DATA PROVIDED: Begin

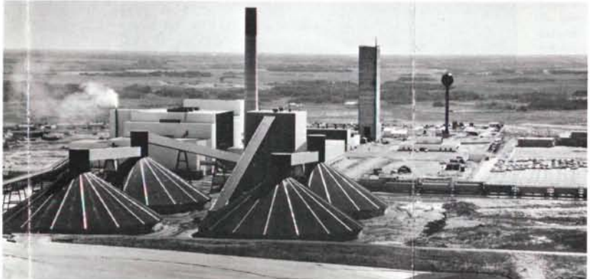
L'industrie de la potasse prend, dans le sud de la Saskatchewan, des proportions impressionnantes. La capacité annuelle des quatre mines exploitées en 1967 est de 4,900,000 tonnes, et une fois terminé l'aménagement des six nouvelles mines déjà en voie de construction, le Canada deviendra, au début des années 1970, le plus grand producteur de ce minerai dans le monde.
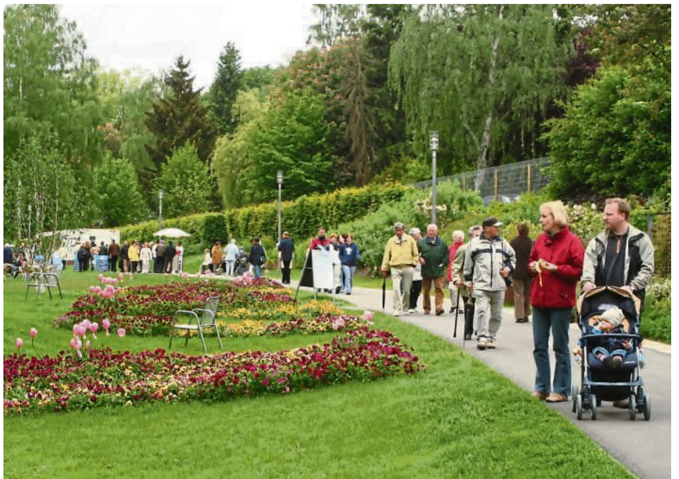
An alte Zeiten anknüpfen: Nachdem der Glanz der Landesgartenschau von 2006 schon lange verblasst ist, sind neue Ideen und Konzepte für den größten Kurpark Europas notwendig.
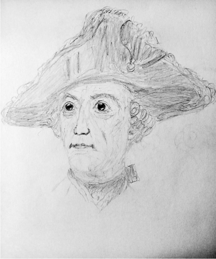
Friedrich der Große, Zeichnung von Lutz Partenheimer

DATA PROVIDED: End

Without any pictures, write out the lines running from the one containing "An alte Zeiten" through the end of the listing above, both included, exactly as given.

An alte Zeiten anknüpfen: Nachdem der Glanz der Landesgartenschau von 2006 schon lange verblasst ist, sind neue Ideen und Konzepte für den größten Kurpark Europas notwendig.
Friedrich der Große, Zeichnung von Lutz Partenheimer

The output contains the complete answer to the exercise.